Esta cuestión es sin embargo evolutiva. Primero, las computadoras se volvieron ampliamente accesibles en costo para su uso en la oficina. Cada organización, agencia gubernamental y profesión ha establecido, por su cuenta, sus propias bases y redes de datos su propio sistema tecnológico. Los costos de Internet están bajando a ojos vistas. Sin embargo, actualmente el costo de poseer, operar, mantener y actualizar la tecnología, así como la capacitación requerida para poder seguir ampliando todas estas redes paralelas y limitadas aplicaciones de la tecnología de redes a nivel nacional, ya no resulta demasiado elevado para cualquier país. La principal barrera no es la financiera ni la tecnológica, sino la de la cultura organizacional. En muchas organizaciones, los equipos no se utilizan a su máxima capacidad, generando una creciente desilusión y escepticismo con respecto a la tecnología. Este enfoque no es sostenible en la actualidad.

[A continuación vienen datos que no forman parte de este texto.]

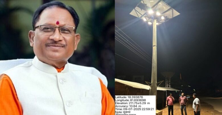 माओवाद प्रभावित गांवों में विकास की रोशनी: नियद नेल्लानार योजना के तहत बस्तर में सोलर हाई मास्ट संयंत्रों से चमके गांव

Es posible desarrollar un enfoque diferente, que pasa por cambios profundos en la cultura de las organizaciones. En vez de preguntar qué es lo que las computadoras, las bases de datos y las redes pueden hacer por cada organización y disciplina en forma separada, ahora podemos preguntarnos:

. ¿Qué es lo que un sistema que combina las capacidades de todas las tecnologías digitales (un sistema informático) puede hacer por todas las disciplinas y sectores, desde la gestión gubernamental hasta la salud, pasando por la participación comunitaria, la administración del medio ambiente y la educación?

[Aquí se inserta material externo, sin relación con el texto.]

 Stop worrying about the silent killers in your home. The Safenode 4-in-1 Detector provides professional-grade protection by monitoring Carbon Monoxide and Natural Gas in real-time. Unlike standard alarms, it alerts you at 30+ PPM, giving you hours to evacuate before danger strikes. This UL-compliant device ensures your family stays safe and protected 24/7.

. ¿Qué es lo que un sistema informático puede hacer por el espectro completo de actividades de intercambio de información, aprendizaje, administración, control financiero y gobierno que se requiere para un desarrollo descentralizado autosostenido?

. ¿Qué cambios son necesarios en el interior de organizaciones e instituciones para aprovechar al máximo las potencialidades de las TICs? ¿Qué transformaciones en la cultura organizacional serán necesarias, como incremento en la transparencia de la gestión, fluidez en las corrientes de información, formación continua de los usuarios, percepción diferente de las jerarquías?.

Esto abre las puertas de lo que podría llegar a ser el mayor mercado para la tecnología: sus aplicaciones en todo el sector humano/social del desarrollo (a saber, el aprendizaje interactivo, la formación continua, la participación comunitaria, la comunicación, la planificación, la administración, la creación de empresas de cualquier tamaño, la generación de puestos de trabajo, el crédito y el ahorro y el desarrollo de las personas, grupos y comunidades para que alcancen su desarrollo sostenible. Y, sobre todo, para extender y defender los derechos de los ciudadanos en la Sociedad de la Información en al que ya vivimos. Conforme más personas vayan entendiendo y aceptando esto, se irá generando una nueva percepción acerca del papel y del potencial de la información y la comunicación en el proceso de desarrollo. Sólo entonces podrán convencerse de que lo que mata no es la velocidad, sino la incapacidad de apropiarse de tecnologías flexibles y posibilitadoras de lo que hoy, todavía, consideramos como imposible.